[WORK TO BE COMPLETED]: Exact copy, no pictures: output all the records that follow.

##### DATA SUPPLIED

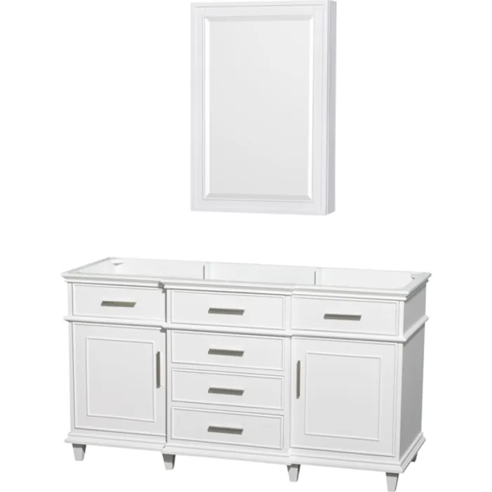 Wyndham Collection 60 Inch Single Bathroom Vanity In White, No Countertop, No Sink, 24 Inch Medicine Cabinet WCV171760SWHCXSXXMED
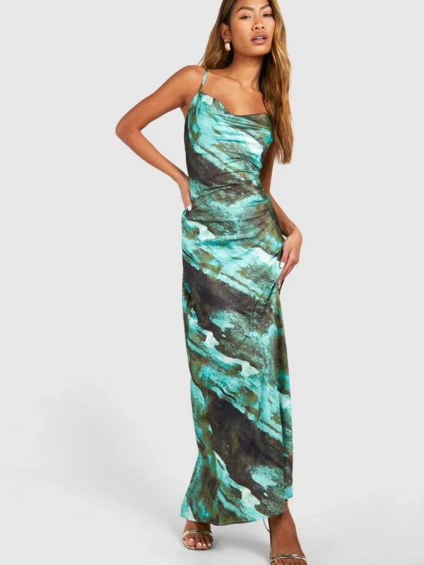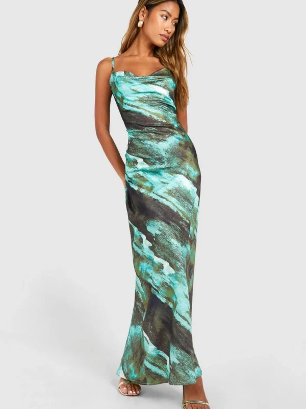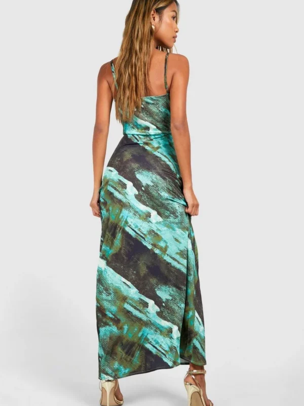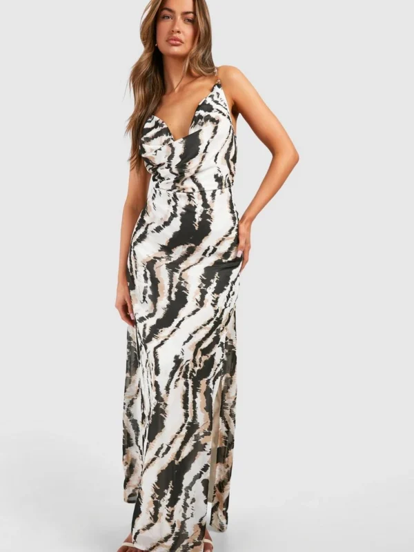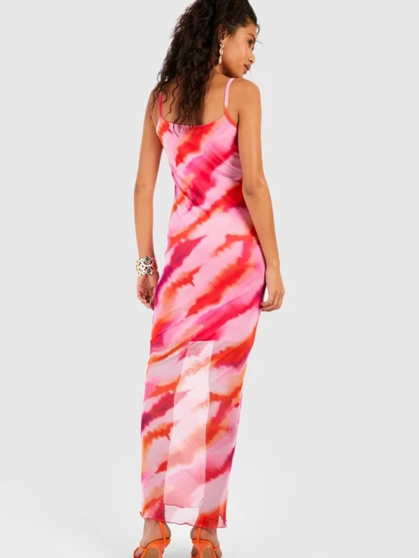 BOOHOO Abstract Print Mesh Maxi Slip Dress
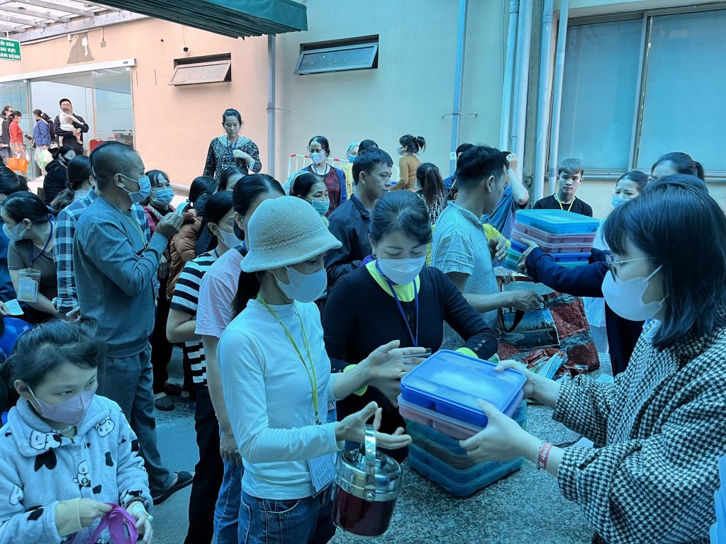 Thấu hiểu được hoàn cảnh của những bệnh nhân và người nhà đang phải đối mặt với khó khăn để chiến đấu với bệnh tật, CBNV PSC đã trao tặng những suất ăn miễn phí cho người bệnh với mong muốn các bệnh nhân và người thân có được bữa ăn đầy đủ dinh dưỡng, đảm bảo vệ sinh an toàn thực phẩm để có sức khỏe vượt lên bệnh tật.
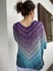 4-fädiger verzwirnter Bobbel mit folgendem Farbverlauf: lila – hellblau – türkis – dunkelblau, z. B. YarnArt „Flowers“ | Farbe: 254 | 55 % Baumwolle, 45 % Polyacryl | 250 g = 1.000 m pro Bobbel
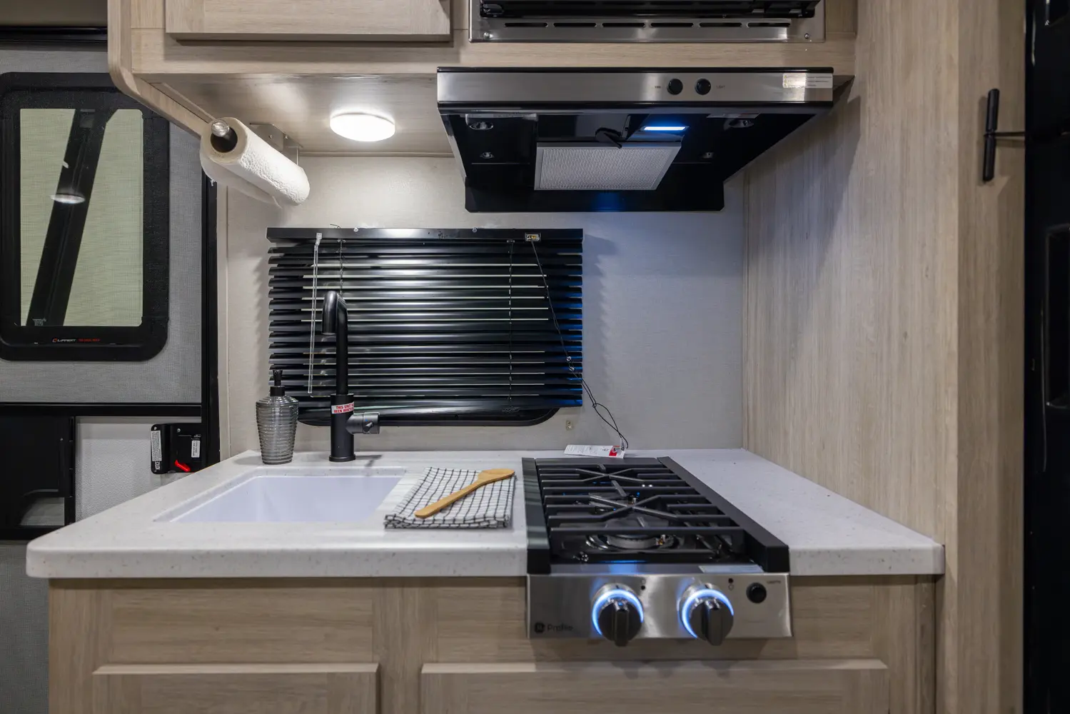 • GE Stainless 2-Burner Cooktop with Metal Back-Lit Knobs

##########

[ANSWER AREA]:
 Wyndham Collection 60 Inch Single Bathroom Vanity In White, No Countertop, No Sink, 24 Inch Medicine Cabinet WCV171760SWHCXSXXMED
 BOOHOO Abstract Print Mesh Maxi Slip Dress
 Thấu hiểu được hoàn cảnh của những bệnh nhân và người nhà đang phải đối mặt với khó khăn để chiến đấu với bệnh tật, CBNV PSC đã trao tặng những suất ăn miễn phí cho người bệnh với mong muốn các bệnh nhân và người thân có được bữa ăn đầy đủ dinh dưỡng, đảm bảo vệ sinh an toàn thực phẩm để có sức khỏe vượt lên bệnh tật.
 4-fädiger verzwirnter Bobbel mit folgendem Farbverlauf: lila – hellblau – türkis – dunkelblau, z. B. YarnArt „Flowers“ | Farbe: 254 | 55 % Baumwolle, 45 % Polyacryl | 250 g = 1.000 m pro Bobbel
 • GE Stainless 2-Burner Cooktop with Metal Back-Lit Knobs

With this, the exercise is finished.